Laboratory studies indicate that individuals who place the tongue tip forward when they swallow usually do not have more tongue force against the teeth than those who keep the tongue tip back; in fact, tongue pressure may be lower.33 The term tongue thrust is therefore something of a misnomer because it implies that the tongue is forcefully thrust forward. Swallowing is not a learned behavior but is integrated and controlled physiologically at subconscious levels, so whatever the pattern of swallow, it cannot be considered a habit in the usual sense. It is true, however, that individuals with an anterior open bite malocclusion place the tongue between the anterior teeth when they swallow, while those who have a normal incisor relationship usually do not, and it is tempting to blame the open bite on this pattern of tongue activity.

As discussed in detail in Chapter 2, the mature or adult swallow pattern appears in some normal children as early as age 3 but is not present in the majority until about age 6 and is never achieved in 10% to 15% of a typical population. Tongue thrust swallowing in older patients superficially resembles the infantile swallow (described in Chapter 3), and sometimes children or adults who place the tongue between the anterior teeth are spoken of as having a retained infantile swallow. This is clearly incorrect. Only brain-damaged children retain a truly infantile swallow in which the posterior part of the tongue has little or no role.

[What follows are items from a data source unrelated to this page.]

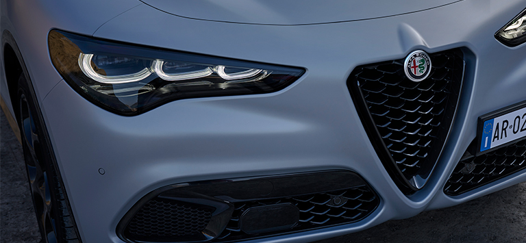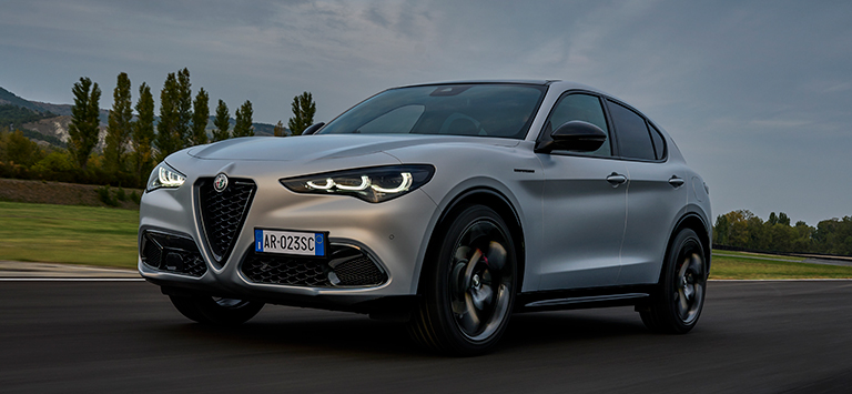 Consumo Alfa Romeo STELVIO autonomia (l/100 km): 9,0 –5,8 ; Emissão de CO2 (g/km): 203,8 –152,0. Valores determinados com base no ciclo ponderado WLTP, atualizados a 30 de setembro de 2022 durante as atividades de testes de pré-aprovação e podem variar antes da homologação final.
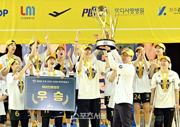 KB스타즈 김완수 감독이 26일 용인실내체육관에서 열린 2025-2026 여자프로농구 삼성생명과의 챔피언결정전 3차전에서 삼성생명에 승리하며 3연승으로 통합 우승을 차지한 뒤 주장 박지수로부터 건네 받은 트로피를 들어올리고 있다. 2026. 4. 26.
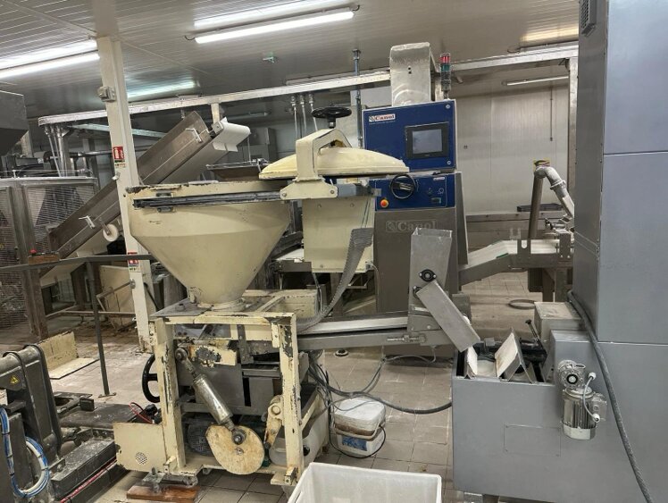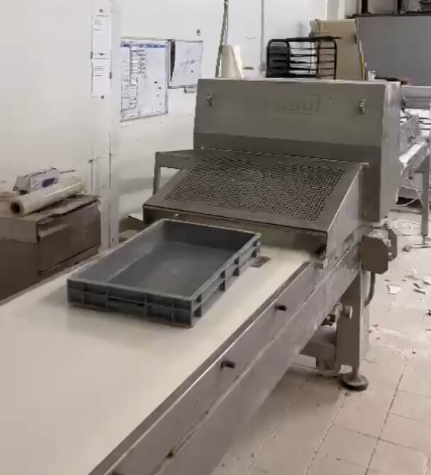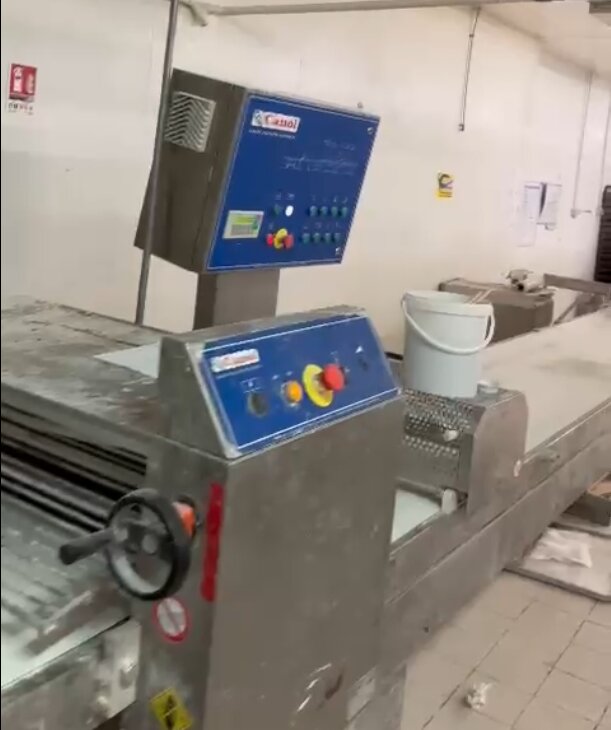 Matricule: A-5058 Année de fabrication: 2006 Le groupe de l'EXTRUDEUR A GRAS a été construit pour produire en continu une feuille de «grassur la partie latérale ou centrale d'une bande de pate précédemment extrudée. Le groupe est composé par: 1) CHARGEUR A TAPIS: les blocs de gras (pains) sont chargés dans la cuve de l'extrudeur (Hp 0.5). Les pains doivent etre positionnés sur le tapis, en s'assurant qu'ils soient appuyés à la guide latérale en matériel plastique du chargeur à tapis. Attention: positionner les pains de gras à une distance (X) qui ne soit pas inférieure à 60 mm. C'est important de respecter cette distance qui permet à la photo-cellule A1 de controler parfaitement la position des pains de gras et de pursuivre sans erreur les différents phases de positionnement et de onargement. Pour un bon rendement de votre chargeur à tapis pour pain de gras, la photo-cellule doit etre toujours propre et en conditions parfaites. La capacité du chargeur à tapis est de 4/5 pains environ (d'après la dimensione et le poids en grammes des pains). Une alarme (sonnette) s'active automatiquement après le chargement du dernier pain de gras et en signale l'absence sur le tapis du chargeur. 2) CARTERS DE PROTECTION: ils protègent l'opérateur du contact avec d'éventuels mécanismes en mouvement en prévenant les incidents. 3) TREMIE (cuve pressée): elle marche en symbiose avec les deux vis au-dessous et permet de passe à la phase de travail successive (Hp1+Hp4). 4) GROUPE DE PRESSAGE: il est controlé par un moteur auquel est fixé un disque en matériel plastique alimentaire ayant la fonction de presser sur les vis d'Archimède le matériel en travail. 5) GROUPE DOUILLE A LA SORTIE: il permet d'extruder une feuille de gras directement sur la bande de pate inférieure (épaisseur 10 mm - largeur max. 300 mm) Il est fixé sur la ligne principale et il est connecté à l'extrudeur par une séries de conduites en matériel alimentaire. Ce type d'extrudeur est indiqué pour travailler des blocs de gras (margarine ou beurre) à une température variable entre 8°C et 18°C, ou meme avec des mélanges de gras. 6) GROUPE D'EXTRACTION DE L'EAU; ce groupe a la fonction d'éliminer l'umidité qui peut se former pendant le travail. Longueur de la machine: 3500 mm Largeur utile: 415 mm Capacité de production: 350 kg/h Capacité trémie: 70 Lt Epaisseur sortie beurre: 10 mm Largeur sortie beurre: 300 mm max Vitesse: 1+8 m/min (avec moteurs à réglage potentiométrique) Puissance installée: 4 kw Fréquence: 50/60 Hz Volt: 220/380/415 v Construction acier: inox + aluminium
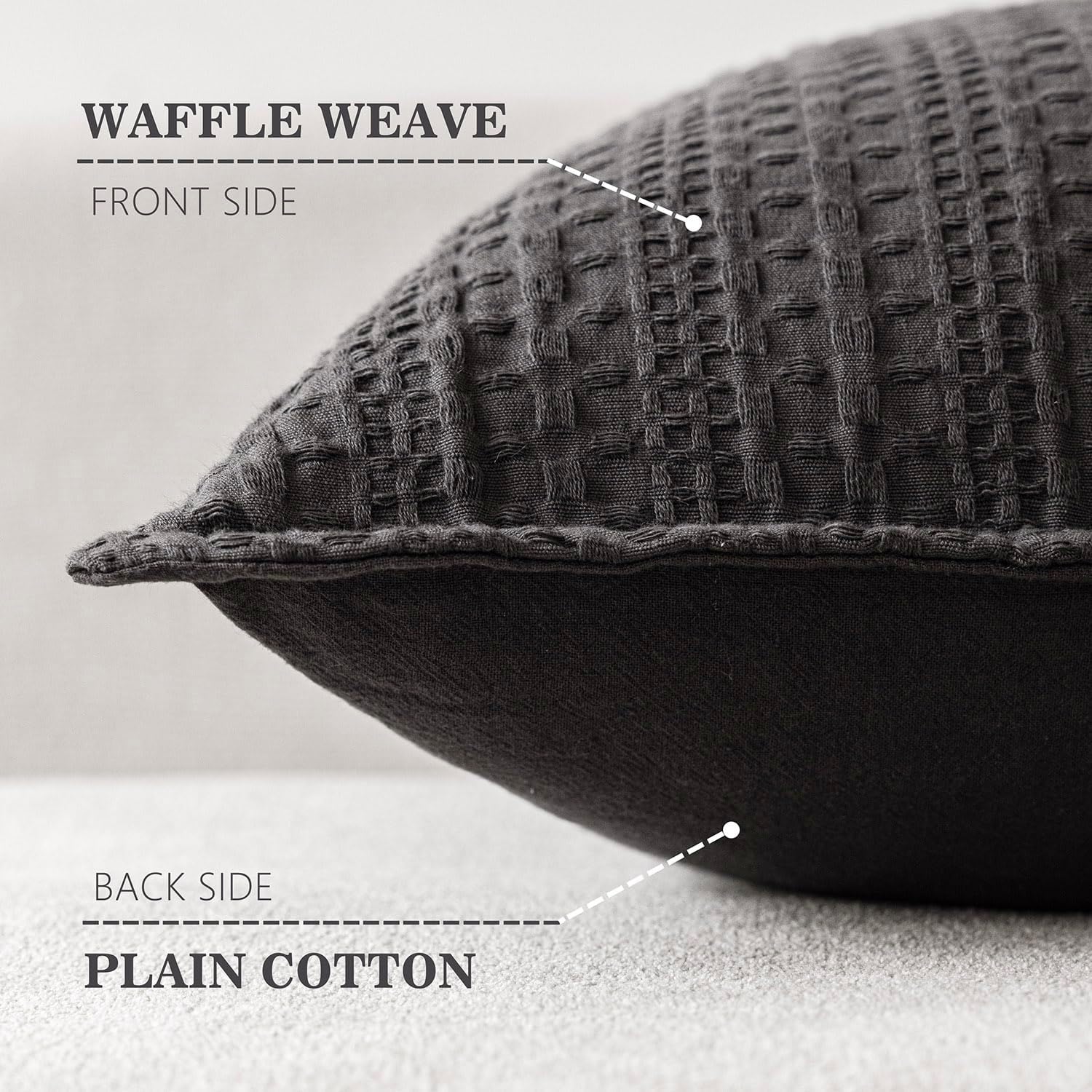 Foindtower Set of 2 Decorative Cotton Waffle Weave Throw Pillow Covers Euro Shams Cushion Covers Accent European Pillowcase for Bed Couch Sofa Bedroom Living Room Home Decor 24×24 Inch Dark Grey
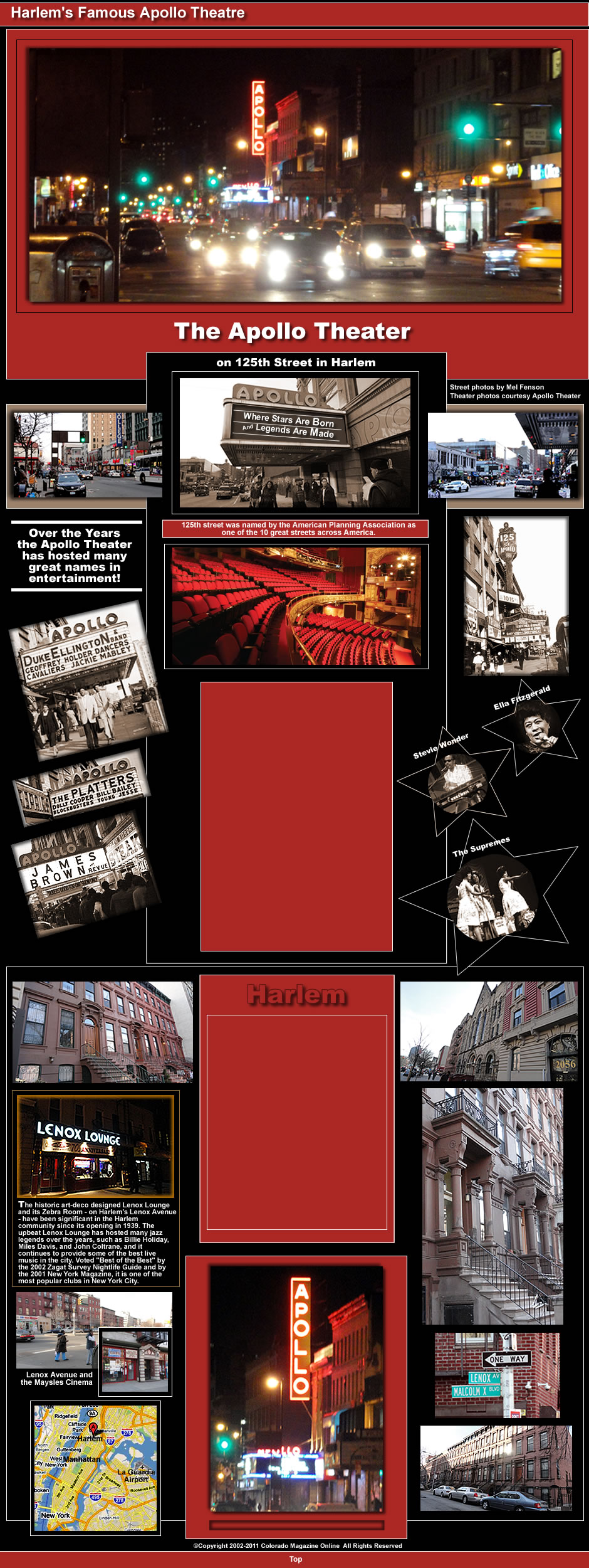 source of income for artists. In 1981, the Apollo theater was purchased by Inner City Broadcasting, a firm owned by Percy Sutton, a prominent lawyer and technology executive, and a group of private investors. Under his ownership, the Theater’s facilities were expanded with a recording and television studio. The Apollo received state and city landmark status as Harlem’s oldest functioning theater in 1983. On May 5th, 1985, a renovation of the Apollo was celebrated with a 50th Anniversary grand reopening and a television special, “Motown Salutes the Apollo.” “Amateur Night” was re-launched that same year and “Showtime at the Apollo” was revived and launched as a television show. In 1991, the Apollo Theater Foundation, Inc., was established as a private, not-for-profit organization, to manage, fund and oversee programming for the theater. The Foundation launched its first performance series with a tribute to Dr. Martin Luther King, Jr. That was followed by performances that included the Alvin Ailey Dance Theater, the Boys Choir of Harlem, and the Betty Carter - Jazz Ahead ’95. Tony Bennett also played a sold-out engagement that honored Billie Holiday. In 2002, George C. Wolfe’s musical Harlem Song opened at the Apollo. In 2005, the theater hosted its inaugural Spring Benefit Gala with a special tribute Ossie Davis. In December, 2005, a $65 million theater refurbishment project was initiated. The first phase included a new facade and a new marquee, a new stage, and the installation of over 1,500 new house seats. Today, the Apollo Theater, which functions under the guidance of a Board of Directors, continues to present concerts, performing arts, and education and community outreach programs. An Apollo Theater Archive Project has also been launched to organize and preserve historically important costumes, documents, photographs, recordings, memorabilia and other items related the the theater’s history, and to maintain documentation of the theater’s current activities, such as performances and programs. Edited by Mel Fenson from information derived from the Apollo Theater website, Wikipedia, The New York Times and other web sources. It should be noted that our research has discovered some conflicting dates and other information that could not be verified. For
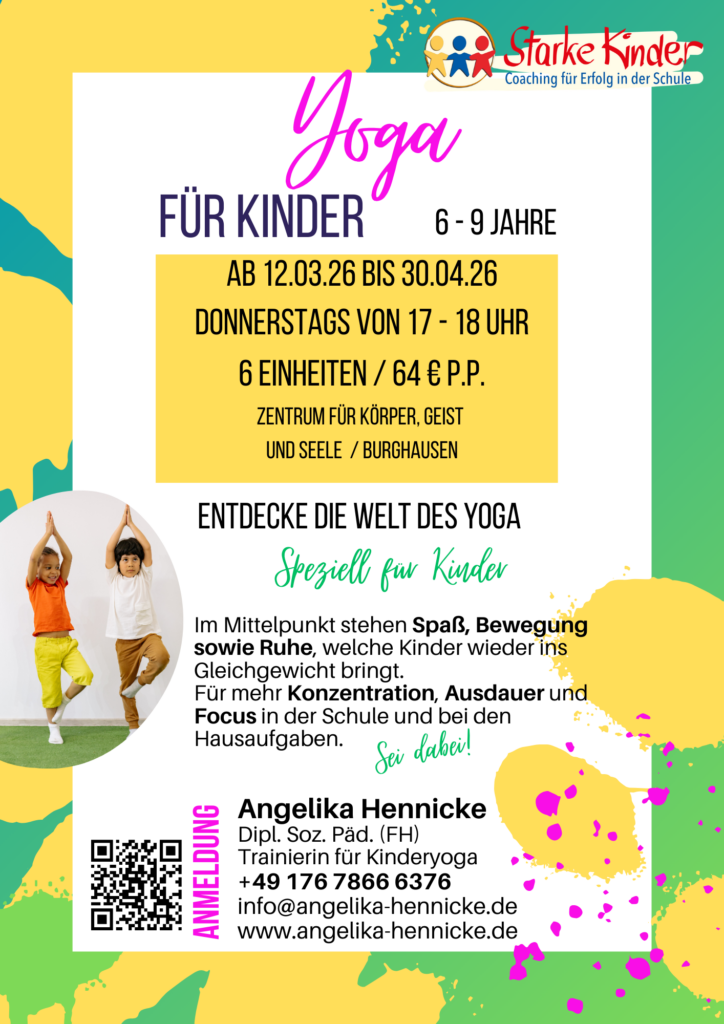 Spaß, Bewegung und Ruhe bringen Körper und Geist in Einklang. Yoga unterstützt Kinder ganzheitlich: Es beruhigt das Nervensystem, stärkt das Selbstvertrauen, fördert Resilienz, wirkt sich positiv auf die Konzentrationsfähigkeit aus und trägt zur emotionalen Ausgeglichenheit bei.
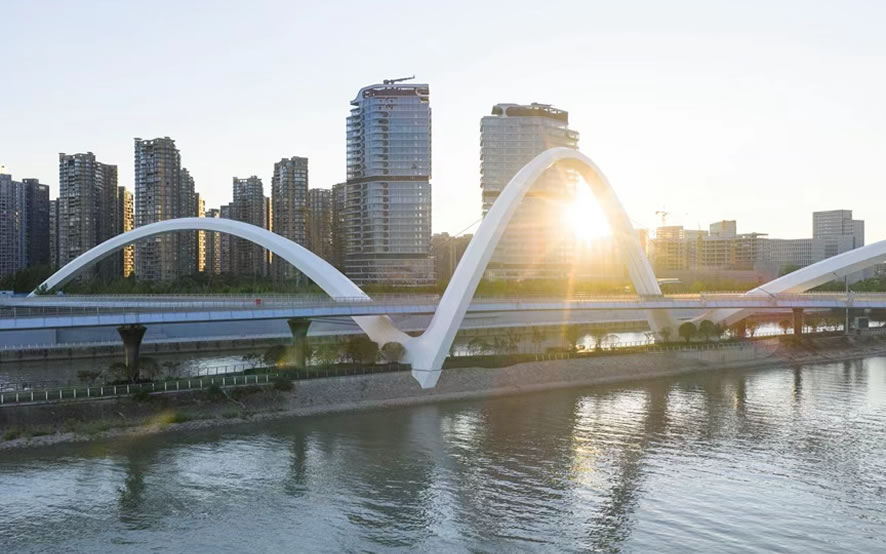 这座步行桥及其周边规划由扎哈・哈迪德建筑事务所(ZHA)设计,通过整合住宅、办公空间、配套设施与休闲旅游类核心公共空间,将杭州重新与历史悠久的大运河、钱塘江之间建立联系。

Since coordinated movements of the posterior tongue and elevation of the mandible tend to develop before protrusion of the tongue tip between the incisor teeth disappears, what is called “tongue thrusting” in young children is often a normal transitional stage in swallowing. During the transition from an infantile to a mature swallow, a child can be expected to pass through a stage in which the swallow is characterized by muscular activity to bring the lips together, separation of the posterior teeth, and forward protrusion of the tongue between the teeth. This is also a description of the classic tongue thrust swallow. A delay in the normal swallow transition can be expected when a child has a sucking habit.

When there is an anterior open bite and/or upper incisor protrusion, as often occurs from sucking habits, it is more difficult to seal off the front of the mouth during swallowing to prevent food or liquids from escaping. Bringing the lips together and placing the tongue between the separated anterior teeth is a successful maneuver to close off the front of the mouth and form an anterior seal. In other words, a tongue thrust swallow is a useful physiologic adaptation if you have an open bite, which is why an individual with an open bite also has a tongue thrust swallow. The reverse is not true—protruding the tongue between the anterior teeth during swallowing is often present in children with good anterior occlusion. After a sucking habit stops, the anterior open bite tends to close spontaneously, but the position of the tongue between the anterior teeth persists for a while as the open bite closes. Until the open bite disappears, an anterior seal by the tongue tip remains necessary.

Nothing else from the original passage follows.